_WHAT THE TASK REQUIRES:_ What you should repeat is the run of lines from the top of the listing below through the line with "This image shows", exactly, with no pictures.

_SUPPLIED INFORMATION:_
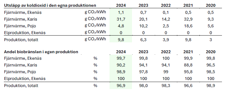 Koldioxidutsläpp och andel biobränslen i vår egen energiproduktion i Raseborg
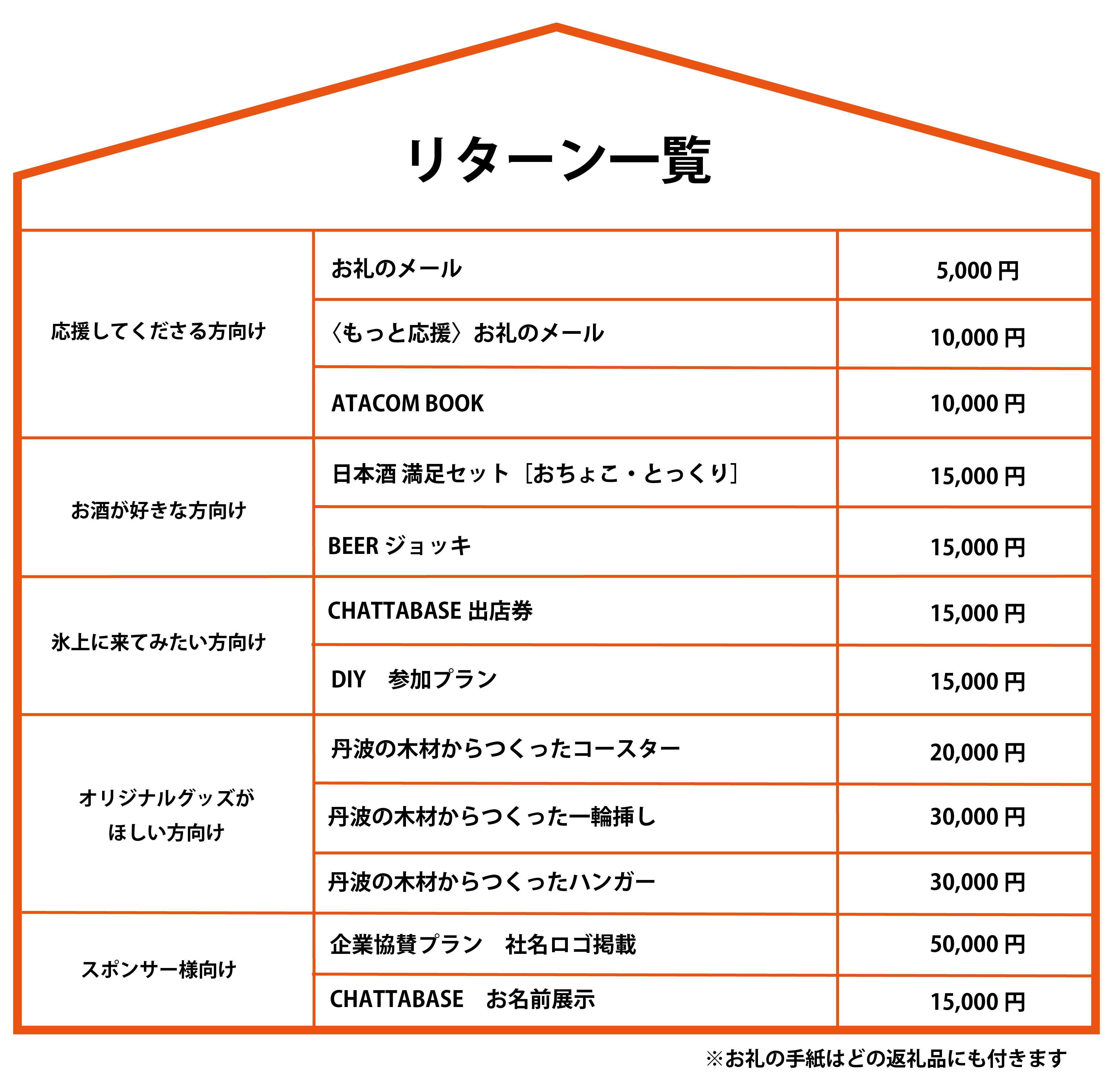 リターンには、氷上町の魅力を感じられるようなものや学生が丹精込めて作ったもの、愛宕祭りの際に学生と協力してツクリモノづくりに参加できるものなどをご用意致しました!
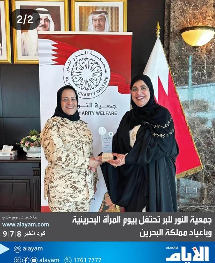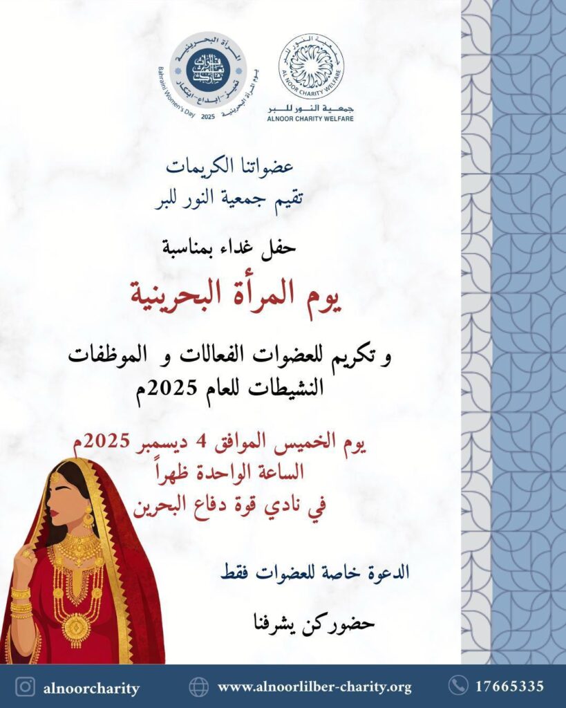 برعاية كريمة من الشيخة لمياء بنت محمد بن خليفة آل خليفة رئيسة جمعية النور للبر، وبحضور الشيخة لولوة بنت خليفة بن علي آل خليفة نائبة الرئيسة، اقامت الجمعية احتفالا كبيرا بمناسبة حلول العيد الوطني لمملكة البحرين واحتفاء بيوم المراة البحرينية، وذلك مساء يوم الخميس بتاريخ 4 ديسمبر 2025 في نادي ضباط قوة دفاع البحرين، وسط مشاركة واسعة من عضوات وموظفات الجمعية ،
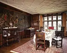 The rear hall again uses old oak high paneling and has small six by nine-inch oil portraits of Renaissance figures. Freestanding Corinthian columns in the hallway form an ornamental gateway and stained glass doors at the end enter the rear porch arcade. The dining room was furnished with oak bought later from Redbourn Manor in Hertfordshire and has an imposing Portland stone fireplace positioned midway in the room.[4] The floor is made of old re-sawn pegged oak and the Tudor rose ceiling motif is repeated.[4] In the southeast wing of the house is the Sulgrave Room, a reproduction of the great hall from the Washington family's Sulgrave Manor. The fireplace mantel is made of an oak beam, once used at the original priory.[4] Heavy oak timbers were used to construct the open beam ceiling in this room, which also features mottled plaster walls.[4]
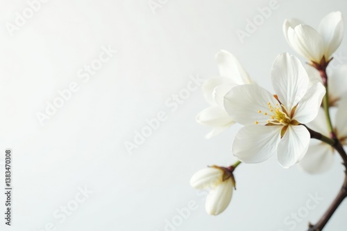 Fototapeta premium Delicate white blossoms against a pure white background, minimal, close-up,...
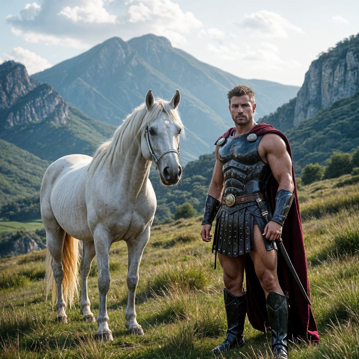 This image shows a pale horse with blue eyes beside a warrior in black leather armor, standing in a grassy caldera surrounded by mountains. The image has a cinematic, film-like aesthetic.
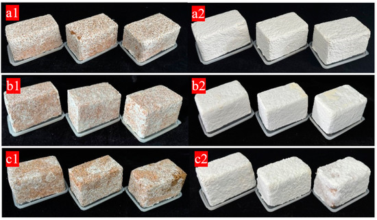 The second stage of preparing the mycelial composite materials was material post-treatment: after the mycelial system of each treatment group was fully constructed and the mycelium was covered with the substrate, the sample was demolded using the tin foil attached to the mold and placed in a slightly larger sealed container. It was further cultured in the same environment for 3 days to ensure that the mycelial surface in contact with the mold wall continued to grow and form a complete, dense, and white sample. Subsequently, the material sample was placed in a 60 °C oven (DHG-9140, Shanghai Yiheng Scientific Instrument Co., Ltd., Shanghai, China) and dried to a constant weight, and the sample state was adjusted at 25 °C for subsequent experiments.
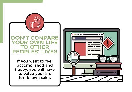 Don't compare your own life to other peoples' lives. Unfortunately, many people measure their own success by comparing it to the success of those around them. If you want to feel accomplished and happy, you will have to value your life for its own sake. Many people have the tendency to compare the low points of their own lives with the high points of other peoples' lives. Remember that no matter how perfect somebody's life may seem, behind closed doors everybody deals with tragedy, insecurity, and other difficulties. Pay attention to and limit your use of social media to help you remember this. Rather than comparing yourself with people who are "better off" than you, think about all of the people who are homeless, chronically ill, or living in poverty. This will help you appreciate what you have rather than feeling sorry for yourself. Try engaging in volunteer work to help make this more apparent. This can help to boost your happiness and confidence as well.
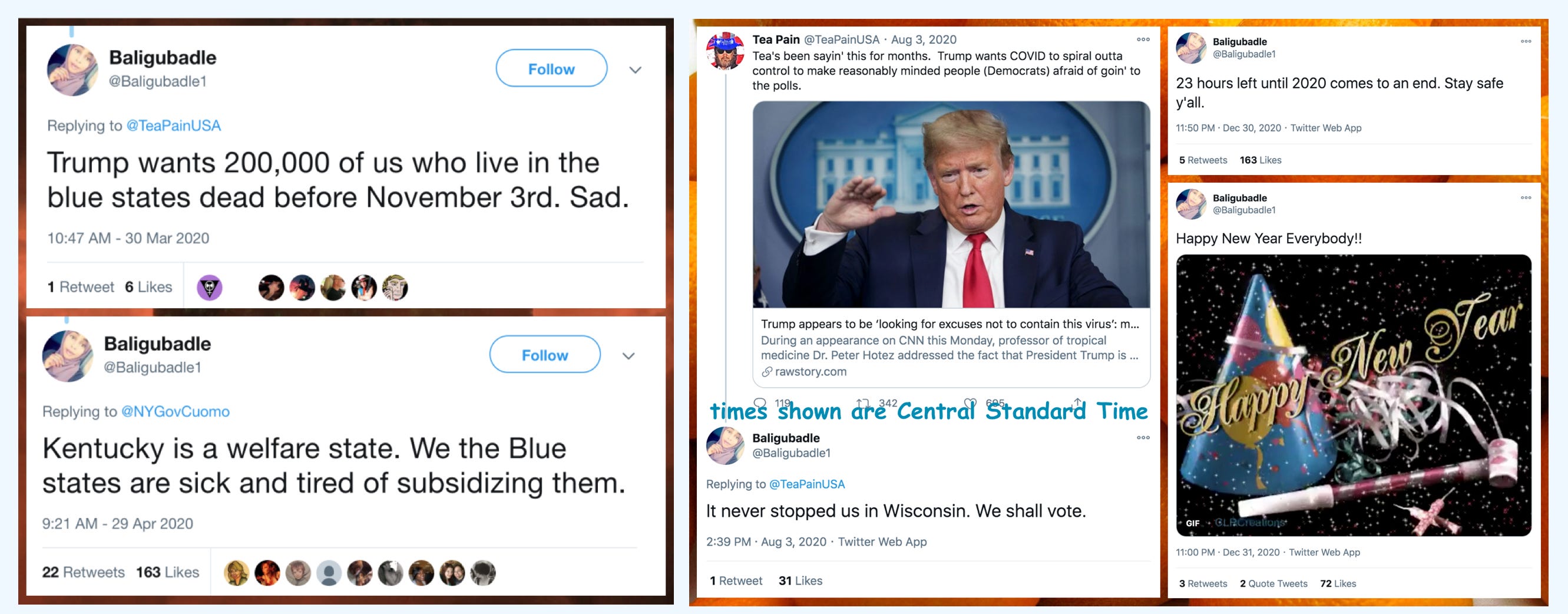 On multiple occasions, @Baligubadle1 also posted tweets claiming or implying residence in a U.S. state, in the form of both general references to “blue states” and a specific reference to voting in Wisconsin. There is a discrepancy, however: the @Baligubadle1 account reliably marked midnight in U.S. Eastern Time, but the entirety of the state of Wisconsin is in U.S. Central Time.

_RESPONSE TO THIS TASK:_
 Koldioxidutsläpp och andel biobränslen i vår egen energiproduktion i Raseborg
 リターンには、氷上町の魅力を感じられるようなものや学生が丹精込めて作ったもの、愛宕祭りの際に学生と協力してツクリモノづくりに参加できるものなどをご用意致しました!
 برعاية كريمة من الشيخة لمياء بنت محمد بن خليفة آل خليفة رئيسة جمعية النور للبر، وبحضور الشيخة لولوة بنت خليفة بن علي آل خليفة نائبة الرئيسة، اقامت الجمعية احتفالا كبيرا بمناسبة حلول العيد الوطني لمملكة البحرين واحتفاء بيوم المراة البحرينية، وذلك مساء يوم الخميس بتاريخ 4 ديسمبر 2025 في نادي ضباط قوة دفاع البحرين، وسط مشاركة واسعة من عضوات وموظفات الجمعية ،
 The rear hall again uses old oak high paneling and has small six by nine-inch oil portraits of Renaissance figures. Freestanding Corinthian columns in the hallway form an ornamental gateway and stained glass doors at the end enter the rear porch arcade. The dining room was furnished with oak bought later from Redbourn Manor in Hertfordshire and has an imposing Portland stone fireplace positioned midway in the room.[4] The floor is made of old re-sawn pegged oak and the Tudor rose ceiling motif is repeated.[4] In the southeast wing of the house is the Sulgrave Room, a reproduction of the great hall from the Washington family's Sulgrave Manor. The fireplace mantel is made of an oak beam, once used at the original priory.[4] Heavy oak timbers were used to construct the open beam ceiling in this room, which also features mottled plaster walls.[4]
 Fototapeta premium Delicate white blossoms against a pure white background, minimal, close-up,...
 This image shows a pale horse with blue eyes beside a warrior in black leather armor, standing in a grassy caldera surrounded by mountains. The image has a cinematic, film-like aesthetic.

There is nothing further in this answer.